Ces deux visages de femmes que la peintre dessina lors de son premier internement pour dépression nerveuse en 1929 à l’hôpital de Hambourg- Friedrichsberg, appartiennent à la série de « Têtes de Friedrichsberg ». 60 portraits de femmes saisies à l’intérieur de l’hôpital, qui constituent le témoignage exceptionnel d’une mémoire arrachée à l’oubli. 60 femmes, ses sœurs d’âme, déjà abandonnées de leur vivant par leurs proches, qui finiront une dizaine d’années plus tard ( comme l’artiste elle-même ) par être les premières gazées du programme d’euthanasie national-socialiste T4 des malades mentaux et autres « handicapés », en prélude funèbre à l’extermination des juifs. Auparavant, en 1932 Elfriede Lohse-Wächtler fut encore internée pour schizophrénie, déclarée « incapable », puis stérilisée de force. Sa créativité artistique en a été définitivement avortée.

Illustration 2
Dessin de la série de « Têtes de Friedrichsberg »

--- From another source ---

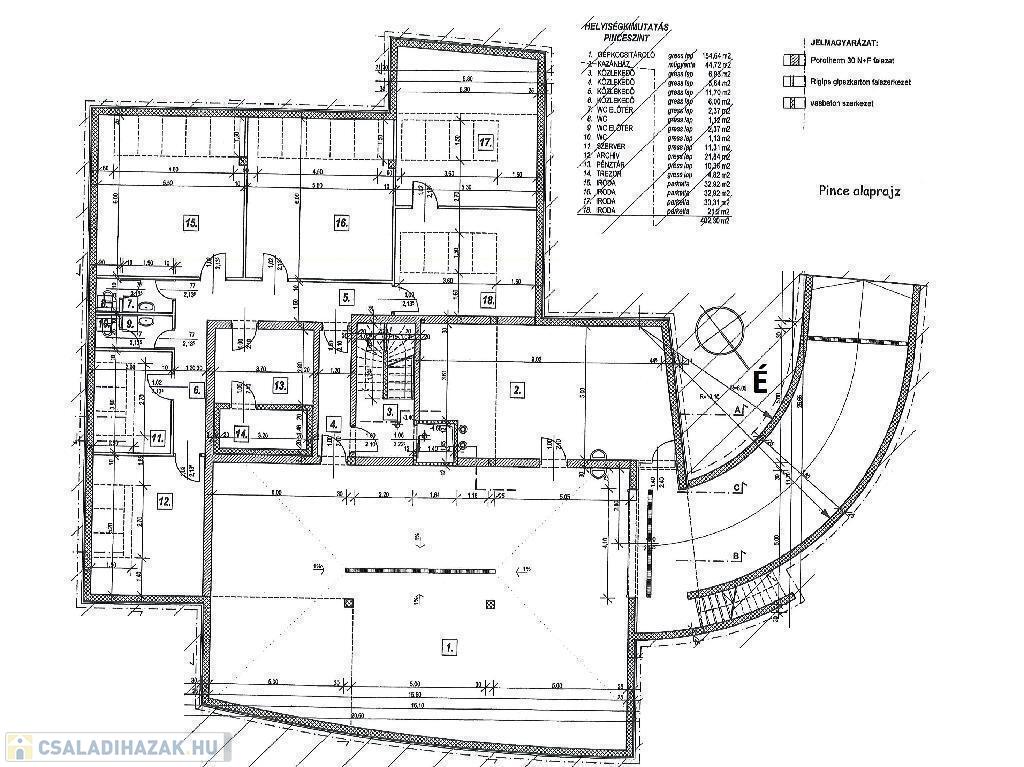 Pince szint: 402,3 m2 (5 autó beállására is alkalmas garázzsal. Több helyiség felülvilágítókkal is ellátott!)

Celle qui commença sa vie en résistant au refus paternel de reconnaître sa propre vocation artistique, et constitua une œuvre d’autant plus bouleversante qu’elle fut conquise sur l’instabilité économique et la misère, jusqu’à vivre sans-abri après la crise de 29, resta oubliée pendant une soixantaine d’années, pour être lentement redécouverte à la fin des années 1980. Ne fut-elle pas, pourtant, une sorte de Niki de Saint Phalle de la république de Weimar, qui s’affranchit dès l’âge de ses 16 ans de son milieu familial, en allant suivre des cours à l’Académie des beaux-arts de Dresde, pour rejoindre la bohème en se liant d’amitié avec les artistes de la Sécession, aux côtés du peintre Otto Dix, ainsi que du dadaïste Johannes Baader ? N’était-elle pas cette peintre qui savait s’immerger dans la vie des plus pauvres, dessinant les ouvriers et les prostituées du port de Hambourg ou plus tard ces portraits de femmes internées, sans lesquels on aurait, aujourd’hui, oublié à jamais le visage ?

Illustration 3
Portrait d’Elfriede Lohse-Wächtler

Petites morales à retenir de l’Art dégénéré 

L’exposition sur l’art dégénéré en cours au Musée Picasso doit nous rappeler que l’attitude qu’ont eus les différents pouvoirs vis-à-vis de la maladie mentale, peut devenir un critère d’évaluation des cultures. Pour résumer nous pouvons dire, qu’il y a des périodes d’heureuses rencontres entre la folie et l’art : celles de l’Antiquité grecque (la "divine folie") ; de la Renaissance ou du romantisme et celles des avant-gardes artistiques des premières années du XXe siècle, comme l’influence décisive du surréalisme et sa rencontre avec la psychanalyse en France. Enfin plus proches de nous, les travaux des psychiatres comme Lucien Bonnafé, François Tosquelles ou Jean Oury en France, pour humaniser la psychiatrie, accompagnent les réflexions de scientifiques et philosophes aussi divers que Georges Canguilhem, Gaston Bachelard, Michel Foucault ou Gilles Deleuze. Tous ont participé à cette mutation du regard sur ce qu’on nomme la folie, et plus généralement sur la maladie mentale. Epoques de tolérance réciproque entre la folie et la société, où l’homme accepte cette part maudite de lui-même en reconnaissant des droits à la folie, en acceptant la maladie et la souffrance comme des ingrédients nécessaires d’une vie intense et artiste. Bien plus, il semble souvent nécessaire de mettre en complicité « folie » et « humanité », en sachant comme le dit Gilles Deleuze, « qu’on n’a jamais pensé que par elle et sur ses bords, et que tout ce qui fut bon et grand dans l’humanité entre et sort par elle, chez des gens prompts à se détruire eux-mêmes, et que plutôt la mort que la santé qu’on nous propose. »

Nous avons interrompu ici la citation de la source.